Children coming to the hospital usually have many questions and concerns, even if they do not know how to express them. Many parents want to protect their children by not telling them things that could be scary. Your child is more afraid when he or she does not know what is happening. Before your child comes to the hospital, give them as much honest information about their condition as you think they can understand.

Benefits of talking to your child about his or her transplant include:

• It can build trust in your child and hospital staff.

• Your child will know what to expect.

• Honest information corrects false ideas about transplants.

• It can help your child cooperate during treatment.

• It can help give your child get a sense of control.

• Your child can learn how to get through hard situations.

Encourage your child to trust the medical staff. It is important that children believe that we are all on the same team. It may be hard to tell your child about transplant as children often know when something is wrong. Think about your child’s age when you are choosing words to explain the transplant.

If your child is very anxious, or you need help explaining the transplant in appropriate terms, you may wish to speak to a psychologist, child life specialist, or social worker. Your transplant team wants your family to be successful, so don’t be afraid to ask them for help or a referral to someone who might be able to provide extra support to your family.

You also need to educate and prepare yourself, so you are not anxious, as children will reflect these feelings.
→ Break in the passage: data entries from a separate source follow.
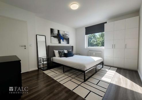 Die Wohnung verfügt über zwei Schlafzimmer, die beide hell und freundlich sind. Das Hauptschlafzimmer bietet genügend Platz für ein großes Bett und einen Kleiderschrank. Das zweite Schlafzimmer ist flexibel nutzbar, sei es als Kinderzimmer oder Büro, und besticht durch zwei große Fenster, die einen herrlichen Blick auf die Balkonseite und ins Grüne bieten. Beide Räume sind lichtdurchflutet und bieten einen angenehmen Rückzugsort.
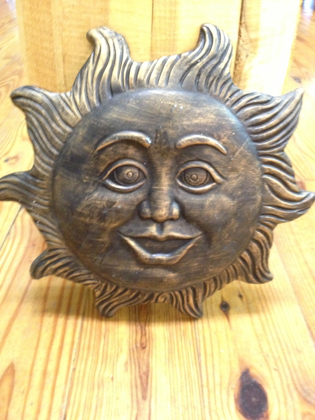 Sun Stepping Stone/Wall Plaque 12" Has wall hanging slot on back Weighs 5 lbs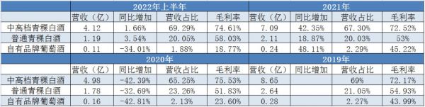 业绩“疲软”和主营业务增长乏力有很大关系,数据显示,2019年至2021年,主营业务毛利率最高的中高档青稞白酒的营收分别为8.65亿、4.98亿、7.9亿,2022年上半年也仅有4.12亿,占营收比例为69.29%,与2019年69%占营收比例持平,对营收的贡献程度可以说是“原地踏步”,毛利率第二高的普通青稞白酒也是如此;占营收比例最低的自有品牌葡萄酒业务表现也不佳,毛利率浮动较大,从2019年的43.99%降至2022年上半年的18.77%,2022年上半年该业务营收仅0.11亿,同比下滑34.01%。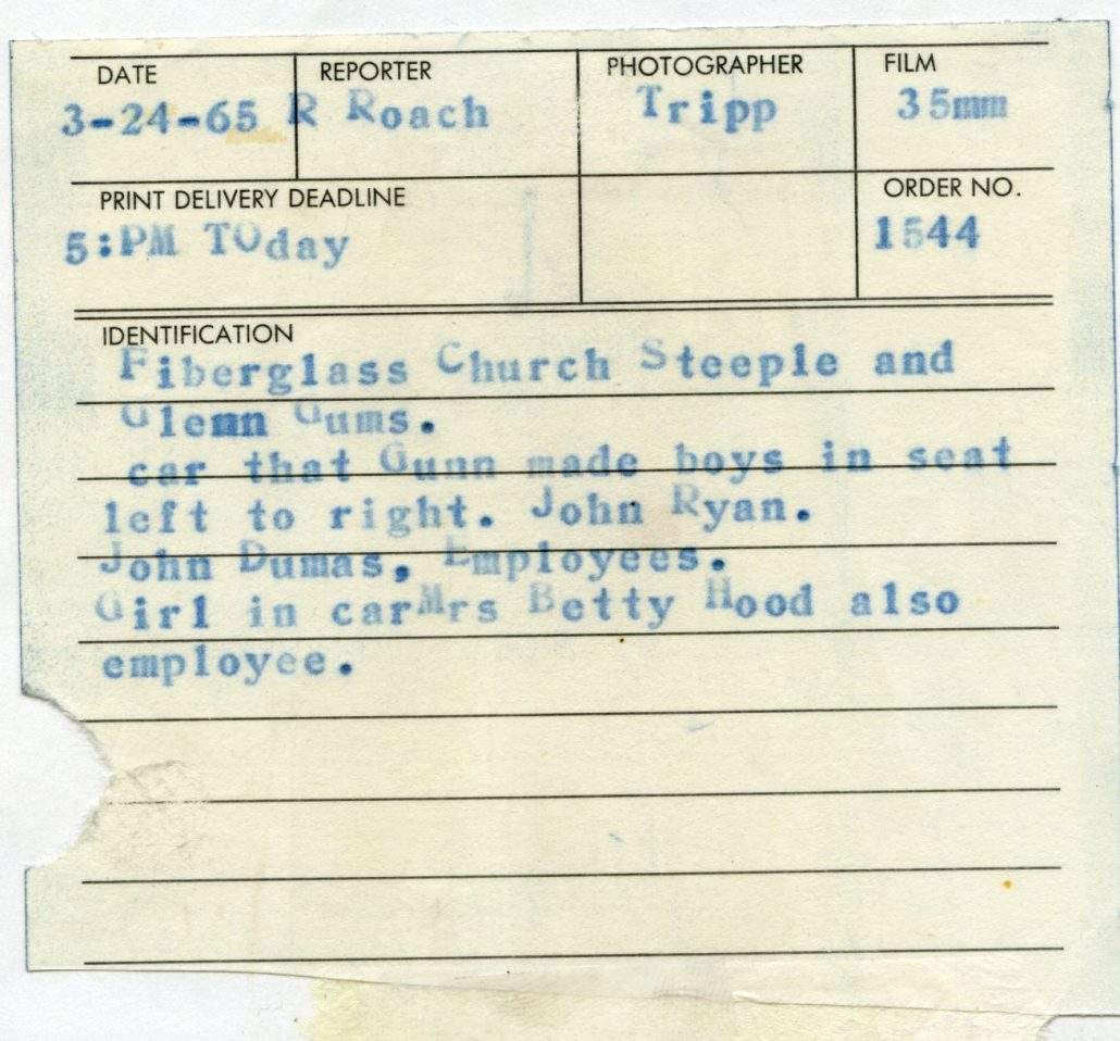 The steeple is made entirely of fiberglass on a mold constructed at Glenn Industries, 4523, 35th Street North, under the direct supervision of Glenn W. Gums, president. But more intriguing than the steeple are the sporty looking car bodies Gums and his employees can make to provide any car with an entirely new look.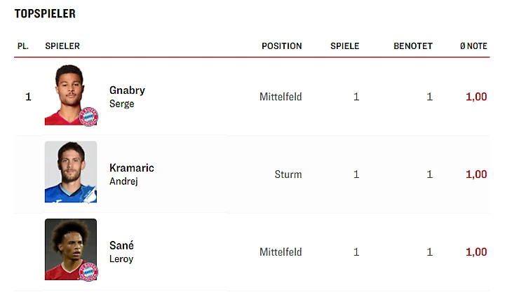 Гнабри перетягивает на себя бомбардирское одеяло – в этом матче он отлично выбирал позицию и не позволял себе чрезмерно транжирить моменты. Сочным получился дебют Сане – 1 гол и 2 передачи в матче против бывшего клуба. Его связка с Гнабри стала едва ли не событием матча: наверняка вам показалось, что по полю летают прошедшие курс омоложения Франк Рибери и Арьен Роббен. Даже номера те же, и Сане пару раз смещался с правого фланга в центр, чтобы пробить.

• Tell your child what their incision (opening for surgery) or scar will look like.

• If your child is especially anxious, consider drawing a picture of an incision on a doll or on their abdomen.

• Find books to read about going to the hospital, your child's medical condition, or other related topics. Reading together and discussing the book will help to relieve anxiety.

• Tell your child they will have some pain, but they can ask for medicine to make them feel better. A child is often anxious about surgery because of their fear of pain.

• Inform your child that a special doctor will give them medicine which will put them in a very deep sleep so they will not feel anything during the operation, once the operation is complete, they will wake up.

• Tell them the doctors and nurses are there to help make them feel better and are on their side.

• Check with your child to make sure they understand what will happen. Ask them to explain in their own words what they think will happen or what could happen.

• Explain the problem. Explain at your child's level of understanding. As you explain, avoid harsh phrases such as "cut into you," or "staple you together," rather, explain the doctor is going to fix the problem by giving you new parts and using gentler language.

• Children learn from doing, seeing, and hearing things many times. You may need to explain the transplant multiple times for them to fully understand. Do not get frustrated by repeated questions or confusion.

• Check to see if your transplant center offers a tour of the hospital for kids. Often times this will be offered through child life services and is helpful to familiarize your child with the hospital and help to reduce anxiety.

• Make sure to tell your child that a transplant is no one’s fault. Many children believe that a transplant is caused by something they did, said, or thought and feel it is their punishment for "being bad."

When an organ becomes available and suitable for your child, you will receive a phone call. Timing is essential, and your child's coordinator will tell you when you need to be at the transplant center. After arriving at the hospital, your team will admit your child.

The preoperative testing consists of a chest X-ray, EKG, comprehensive lab work, and any other testing your child's particular transplant center may require. When appropriate, your team will transport your child to the operating room. The support staff will direct you and your family to a waiting area and provide periodic updates while waiting for your child's surgery to be completed.